Cloud Computing 9 min read

Inside Hulu’s Cloud Architecture: A 1,000‑Foot View of Microservices and Scale

Chief architect at Hulu shares a high‑level overview of the company’s tech ecosystem, detailing its microservice‑based backend on the Donki PaaS, cloud‑flexible deployments, extensive machine‑learning pipelines, VOD and live‑streaming services, multilingual codebases, and the operational challenges of scaling a global streaming platform.

Hulu Beijing
Hulu Beijing
Hulu Beijing
Inside Hulu’s Cloud Architecture: A 1,000‑Foot View of Microservices and Scale

As the chief architect at Hulu, I aim to map our technical landscape for the tech community, providing a 1,000‑foot view of our systems and setting context for upcoming deep‑dive articles.

Hulu is a video streaming service offering a vast catalog of TV episodes, movies, original programs, and a live TV offering with 50+ channels and cloud DVR, all delivered through a highly personalized user interface.

Our backend relies on an extensive microservice architecture hosted on our proprietary PaaS called Donki, which can target both on‑premise data centers and AWS. Donki, written in Python, supports multiple languages and provides managed services such as databases and queues via our DSI infrastructure team.

Donki enables us to switch between AWS and our own data center based on agility, elasticity, cost, and workload considerations, allowing rapid scaling—for example, during a live launch we quickly provisioned AWS capacity as a backup.

We continuously run smoke tests using an internal system called Homez, which alerts on‑call teams and displays real‑time status on a dashboard mapped to our architecture diagrams.

Machine learning is central to Hulu’s business: we employ advanced models for video understanding, personalized recommendations, ad optimization, spam detection, and data science. Our scalable data pipelines process over 13 petabytes of first‑ and third‑party data, and we experiment with real‑time influence and deep learning techniques.

On the functional side, we operate a VOD architecture complemented by a live‑streaming architecture, which required rebuilding substantial parts of the system, creating a new metadata catalog for live and VOD content, and handling SCTE‑224 and SCTE‑35 markers for program timing.

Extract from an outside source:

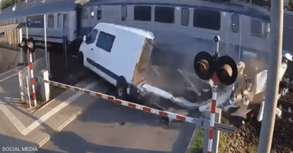 وأظهر مقطع فيديو منتشر على مواقع التواصل الاجتماعي، لقطات صادمة سجلتها كاميرات المراقبة، لحظة اقتراب السيارة من المعبر في محاولة لتجاوز الحاجز قبل إغلاقه. إلا أن الحواجز هبطت سريعا، لتحاصر السيارة على القضبان في الوقت الذي كان القطار يقترب بسرعة عالية.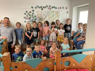 Die Kinder der Gruppe 2 der kath. Kindertagesstätte St. Bartholomäus Hilders haben ihr Jahresprojekt „Wir entdecken unsere Gemeinde“ abgeschlossen. Sie besuchten interessante Orte in Hilders. Dazu zählten die Kirchen, das Rathaus mit Besuch des Bürgermeisters, den ansässigen Hausarzt, die Apotheke, die Pizzeria und die Eisdiele, die Polizeistation, die Spielplätze usw.. Außerdem durften alle Kinder der Gruppe ihr Zuhause zeigen und waren sehr stolz darauf. Dafür fuhren sie mit dem Bus oder wanderten auch in die Ortsteile der Gemeinde Hilders. Dabei hatten sie große Freude. Zum Abschluss dieser erlebnisreichen Aktionen durften die Eltern und Großeltern zum gemeinsamen Frühstück in den Kindergarten kommen. Anschließend präsentierten die Kinder anhand eines großen Wandbildes ihre Erlebnisse und Erfahrungen. Auch Bürgermeister Ronny Günkel war eingeladen. Er schenkte den Kindern ein Pixiheft mit dem Titel „Was macht meine Gemeinde? Unterwegs mit dem Bürgermeister“.

Hulu offers two VOD tiers—ad‑supported and ad‑free—managed by our ad server and CMS, giving us control over ad inventory and future capabilities for live streaming.

Our services are written in various languages (Python, Java, Scala, Go, C++, etc.) and communicate via REST, described with Swagger. We have an emerging architectural process called HOOP to increase visibility of technical decisions and provide engineers with self‑service tools for consensus.

Engineering is distributed across four primary locations: Santa Monica (services), Beijing (research, data science, recommendations), Seattle (client work), and a Marin County center of excellence staffed by game‑engineering veterans supporting infrastructure for many client platforms, including iOS, Roku, VR, and even legacy devices.

We face challenges such as data encapsulation in our microservice architecture, scaling engineering teams, and empowering engineers to work effectively as we continue to grow.

This overview sets the stage for future articles on personalization, content discovery, microservice management, and other technical topics, including research‑focused posts on our most difficult engineering problems.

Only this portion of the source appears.